According to a textbook on avian virology, “Viral infections can move fastest through groups of birds maintained in closed, crowded, unsanitary conditions.”1810 Under such conditions, even healthy immune systems might be overwhelmed, but immune competence among modern poultry breeds may be at an all-time low. Breeding for production traits, like increased breast muscle in meat-type birds or increased egg-laying in egg breeds, seems to necessarily mean breeding for decreased immune function. Given the intensive breeding-out of immune functionality, almost all modern commercial chickens may be “physically compromised” in a way that would facilitate wild waterfowl viruses taking hold. “[D]omestic poultry have been bred to be plump and succulent rather than disease-resistant,” a senior virologist at the Australian Animal Health Laboratory points out. “[T]hey’re sitting ducks, so to speak, for their wild cousins’ viruses.”1811

It wasn’t until well into the 20th century that the poultry industry began segregating chicken breeds—some for meat and others for eggs.1812 Once maximum productivity became the emphasis, these two traits became mutually exclusive. For broilers, “meat output per chick” is considered the most important goal,1813 so the bigger the better.1814 In contrast, the industry wants laying hens to be small. Big eggs from small bodies ensures that more of the feed goes into the egg rather than being “wasted” on the upkeep of the rest of the animal.1815

In the egg industry, “feed conversion,” the conversion of feed into eggs, is considered the trait with the single biggest “impact on profitability.” Modern egg-laying hens are bred to be so scrawny that it’s not profitable to raise male chicks for meat. Since they can’t lay eggs, male chicks are an unwanted by-product of the industry. It makes more economic sense to kill the male chicks shortly after hatching by the hundreds of millions1816 —grinding them up alive, gassing them, or throwing them into a dumpster to suffocate or dehydrate1817 —than to waste feed on them.1818

So, in the interest of maximizing productivity, two different lines of chickens were created, one for meat and another for eggs. As one historian noted, by the end of the 1950s, the “era of the designer chicken” had arrived.1819 The results have been extraordinary. Selective breeding over time is, after all, what turned the wolf into a poodle. Ancestors to the modern-day chicken laid only about 25 eggs a year.1820 Today’s laying hens produce more than ten times that number,1821 leading to increasing problems with uterine prolapse1822 and broken bones due to critical weakening, as skeletal calcium is mobilized to form shells for the eggs.1823

The “essence”1824 of broiler chicken production, as poultry scientists describe it, is “turning feed stuffs into meat.”1825 Chicken ancestors grew to be about two pounds in four months.1826 In the 1950s the industry could raise a five-pound chicken in less than three months.

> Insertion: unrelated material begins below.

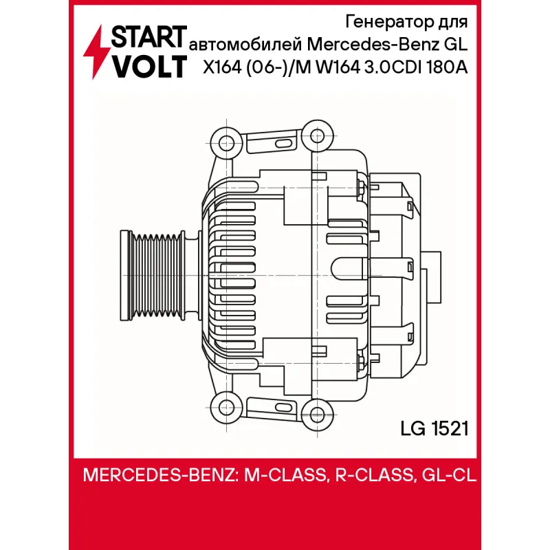 Генератор для автомобилей Mercedes-Benz GL X164 (06-)/M W164 (05-) 3.0CDI 180A Характеристики: Артикул: LG 1521 OEM номера: A 642 154 03 02, A 642 154 05 02, 642 154 05 02, 439583, TG17C032 Направление вращения: по часовой стрелке Выходной ток, А: 180 Напряжение, В: 14 Вылет шкива, мм: 31,5 Тип подключения: COM/LIN Диаметр шкива, мм: 50 Ременной шкив: с ременным шкивом свободного хода Количество крепежных отверстий: 4 Количество канавок шкива: 8 IDE код: 33 Скорость сигнала: H Комплектация: Индивидуальный технический паспорт изделия (с фирменным ID) - 1 шт Генератор - 1 шт Паспорт изделия/гарантийный талон - 1 шт Гарантия: от 1 года.

Due mostly to selective breeding (in addition to growth-promoting drugs), this now takes an average of 45 days.1827 Broiler chickens now grow more than twice as large in less than half the time. To put the growth rate of today’s broiler chickens into perspective, the University of Arkansas Division of Agriculture reports, “If you grew as fast as a chicken, you’d weigh 349 pounds at age two.”1828 In one century, as one historian relates, “the barnyard chicken was made over into a highly efficient machine for converting feed grains into cheap animal-flesh protein.”1829

Interestingly, this transformation in chickens was considered such an “outstanding example of the contribution of breeding work”1830 that many of the earliest poultry scientists helped form the American Breeders’ Association,1831 which went on to lead the human eugenics movement.1832 Leading U.S. poultry scientist and eugenics pioneer Charles B. Davenport spoke of poultry breeding efforts as akin to “race improvement”1833 and “purification.”1834 Likewise, Heinrich Himmler’s experience with chicken breeding has been noted for having shaped his views on the subject.1835

The “improvement” of poultry over the last century has been deemed “quite profitable,”1836 but the industry admits to the downsides. The current editor of industry trade journals WATT PoultryUSA and the Poultry Tribune wrote, “Ongoing efforts to increase breast-meat yield, for example, have created a higher propensity for musculoskeletal problems, metabolic disease, immunodeficiency, and male infertility, primarily because the extra protein going to breast muscle production comes at the expense of internal organ development.”1837

Today’s broiler chickens grow so fast that they outpace their cardiovascular system’s ability to keep up, leading to forms of heart failure like Sudden Death Syndrome (also known as “flip-over syndrome”). Heart failure is an increasingly1838 major1839 cause of mortality among commercial flocks, even though the birds are only a few weeks old. An industry journal reports that “broilers now grow so rapidly that the heart and lungs are not developed well enough to support the remainder of the body, resulting in congestive heart failure and tremendous death losses.”1840

Mortality rates of broilers are up to seven times that of chickens not bred for fast growth.1841 This tradeoff is accepted if the increased mortality is compensated for by an increase in meat yield or feed conversion. To maximize profits, commercial broiler producers now accept a mortality rate of 5%.1842

Chickens aren’t dying just because their circulatory systems are collapsing under the strain. Chickens bred for unnaturally developed muscles (meat) have unnaturally underdeveloped immune systems. Broiler chickens selected for accelerated growth suffer from weakened immunity, which increases mortality1843 by making them “more susceptible to a variety of infectious diseases.”1844 When you breed for one characteristic, you may lose another. The modern tomato, for example, may be perfectly round and survive to market less bruised, but it also may be tough, pink, and tasteless compared to heirloom varieties. Just as purebred poodles tend to have problems with their hips, modern-day purebred chickens tend to have problems with their immune systems.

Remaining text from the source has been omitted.